Tallis closed his phone and looked disconsolately out of the window. Streets and shops and people rushing about in a game called living. Without exception, the women were slim, attractive and well maintained, the men taut and ambitious, the cream of the gene pool. Then he had an idea. He slid open his phone again and called Micky Crow.

Tallis didn’t make it to Belgravia. He was intercepted by a phone call from Iva who told him that they were on for a meet at the pub. Tallis thought it an unlikely venue but didn’t argue. Instructing the cabbie to drop him off at Hammersmith, he walked the rest of the way. A prickly feeling in his gut told him that something was off. As a precaution, he took out the photograph of Demarku, shredded it and pushed it into the nearest rubbish bin.

Goran and Janko were waiting for him at the bar. They went through the usual comrade routine—
”Bok, kako si?”, Hi, how are you
?—and ordered drinks, though on this occasion Tallis was careful to pick Pepsi. He explained to the boys that he had a bad stomach. After two hours of chatting about cars and football and the fact that the actress Sharon Stone had a home on the Dalmatian coast, Iva appeared. As expected, Goran and Janko made themselves scarce. Obviously, the boss liked to do business alone.

“Drink?” Tallis said.

Iva looked at his watch. “No time. Ready?”

“Sure.”

He followed Iva outside where a black Mercedes with new plates was waiting. Iva opened the door for Tallis in a curiously hospitable gesture that made Tallis nervous. Tallis smiled a thank you and climbed in. Iva, next to him, instructed the driver to start driving, and fell silent. Tallis took his cue from Iva and didn’t utter a word.

They arrived in Knightsbridge, pulling up outside a smart perfumery. Iva got out and Tallis followed. The shop was all bright lights and whiteness, like a space-age pharmacy. A heavily made-up young woman stood behind a counter. She, too, was dressed in white, although there was nothing virginal about her manner: too pouting, too come and get me. Tallis flicked his eyes to the rows of clear glass bottles filled with varying shades of oil and scent and read the names, ylang-ylang, rose otto, bergamot, neroli …

Iva leant towards the woman, murmured something in her ear. Nodding in agreement, she walked to the front of the shop, locking the door, turning the open sign to closed then led them through a door at the back and into a warren of rooms, each connected like a spider’s web. There were boxes and boxes of top-brand mobile phones. Tallis felt a sense of creeping unease as door after door closed behind him.

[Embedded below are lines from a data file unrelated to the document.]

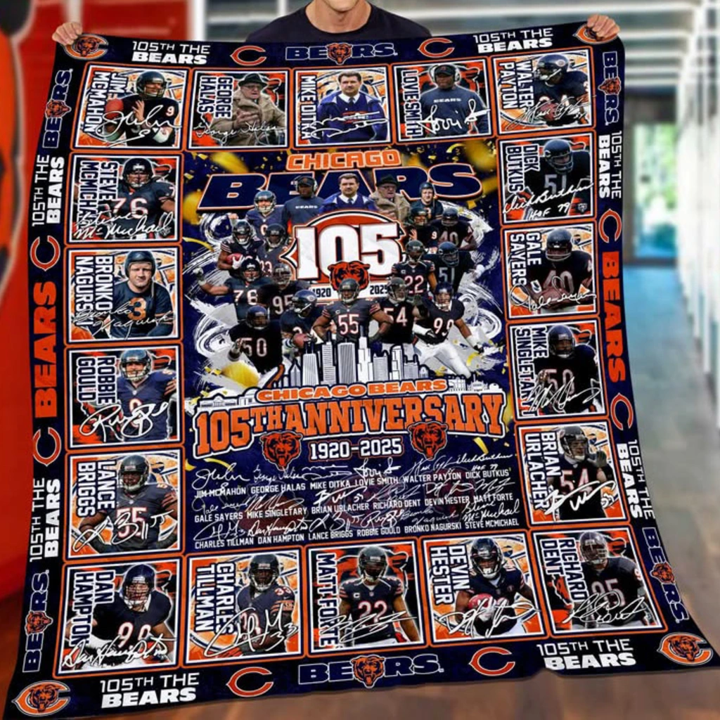 Chicago Bears Quilt Blanket – 105th Anniversary Navy Blue Orange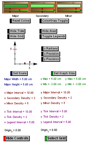 The grid lines are parametrically colored, and controlled by the sliders at the top of the control section. There is a set of sliders for each of the three grids: major, secondary, and minor. Change a color by dragging the corresponding red, green, and blue sliders. If the graph is intended for a grayscale rendering (such as photocopying), press the Color/Gray Toggle button and control the shades with the single grayscale slider above. The Reset Colors button will reset all of the sliders to home positions.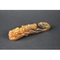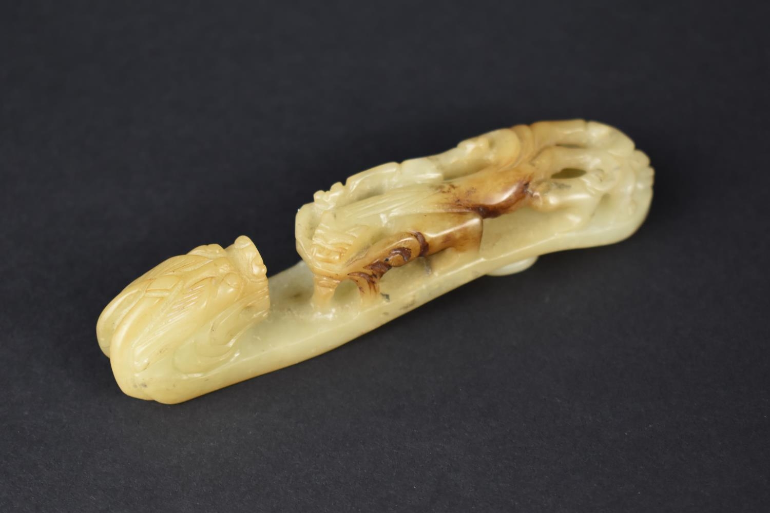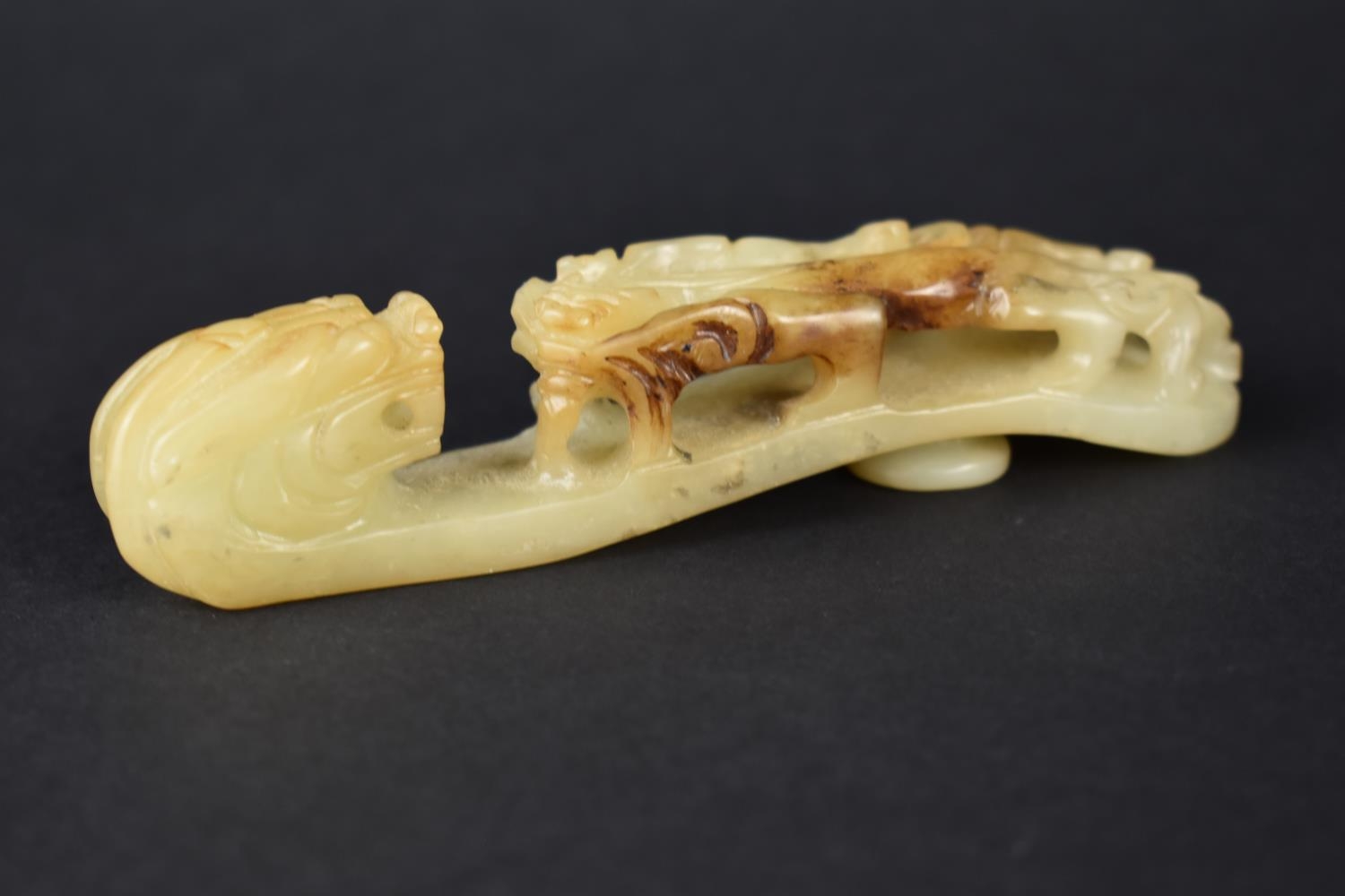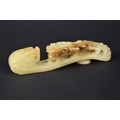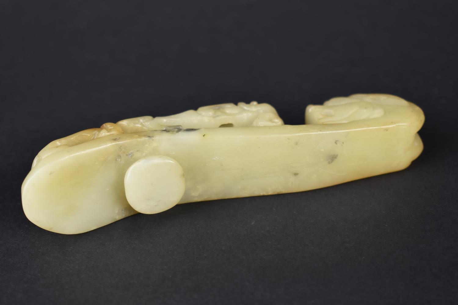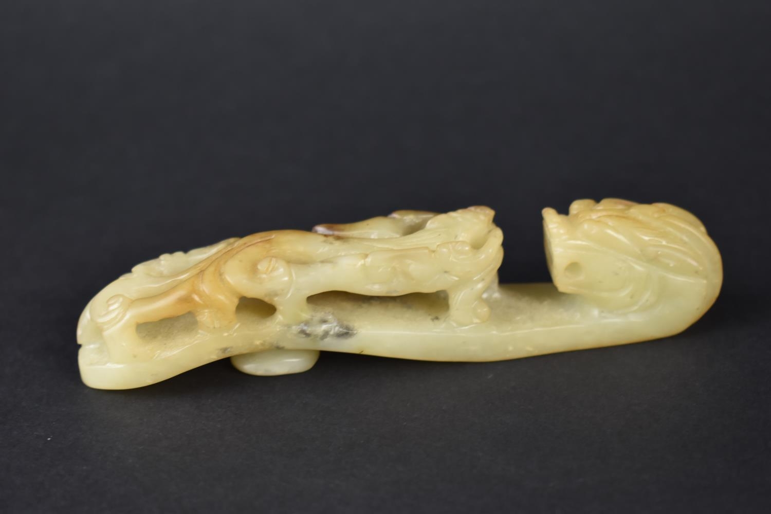 A Carved and Pierced Chinese Soapstone Chi Buckle, 12cms Long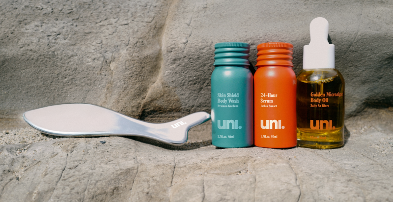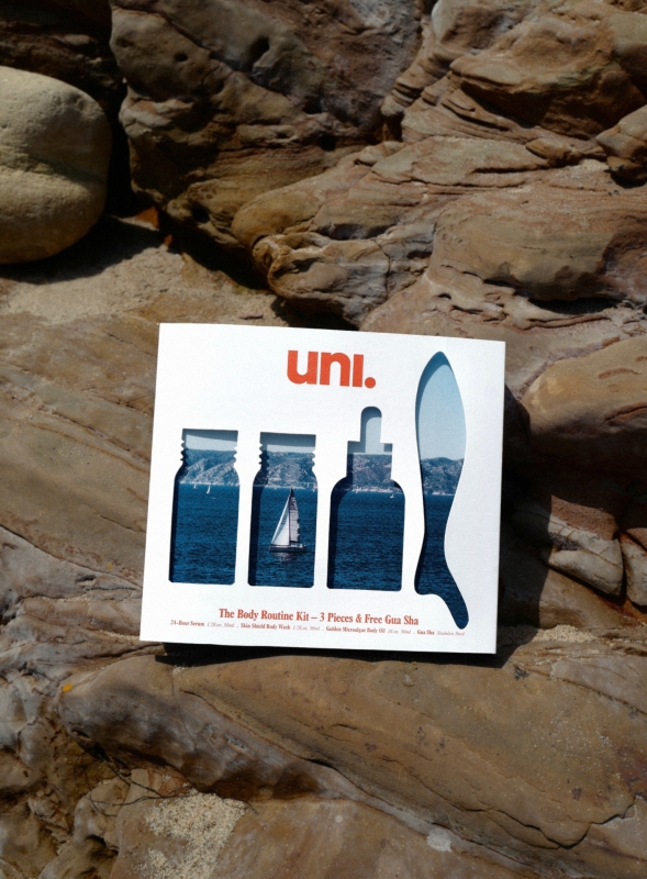 Uni Body Routine Kit 犹如一场私人 Spa 之旅,包含 Body Wash、24-Hour Body Serum、Golden Microalgae Body Oil 以及随行版身体刮痧板。配方蕴含 Australian Caviar Lime、Kakadu Plum 与 Uni 标志性 Marine Complex,从清洁到滋养,每一步都在修护与紧致间找到理想平衡。包装采用可持续材质,低调却不失格调。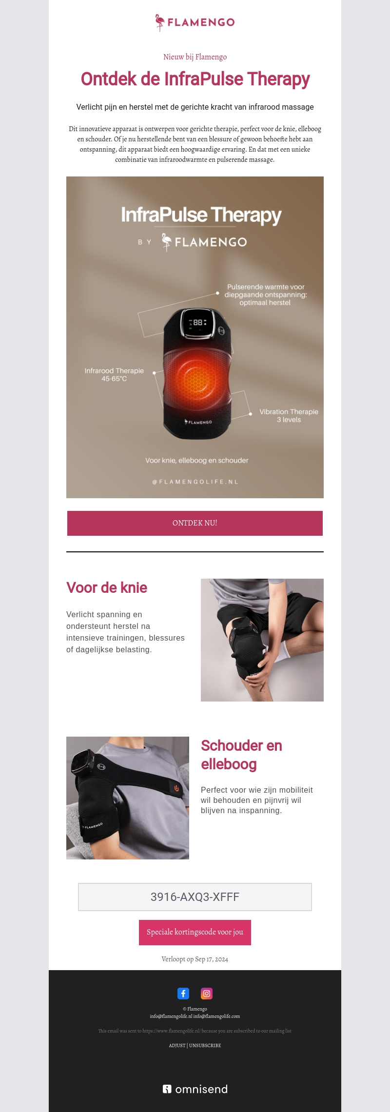 Nieuw bij Flamengo: de InfraPulse Therapie. Ontworpen voor gerichte therapie om pijn te verlichten en herstel te bevorderen met infrarood warmte en pulserende massage. Ideaal voor knie, elleboog en schouder. Ontdek de voordelen voor jouw welzijn. Speciale kortingscode binnenin!

He heard the voice of the man before he saw him. “Did you know that musk is gathered from the balls of musk deer, Marco?” The man, who had his back to him, turned round with a blinding smile. Two months in the outside world had put weight on his body and colour in his cheeks. His hair, tinted blond, was well cut. His hands looked manicured, clothes expensive. In short, his manner and bearing were regal. But there was no mistake. This was definitely Demarku. Tallis could hardly believe his
luck. “Musk forms the basis for nearly every fragrance,” he continued, speaking in heavily accented English.

“Brings out the animal in us, I guess,” Tallis said.

“Very good.” Demarku let out a laugh. “You speak good English, too.”

“Have my mother to thank for that. She’s British but married a Croat.”

“Unusual,” Demarku said, still smiling. Tallis remembered what Crow had said.
He’d as soon as slip a blade between your ribs as look at you. Probably smile while he was doing it
. “Does it trouble you that I’m Albanian?”

“Why would it? I have great respect for your people.”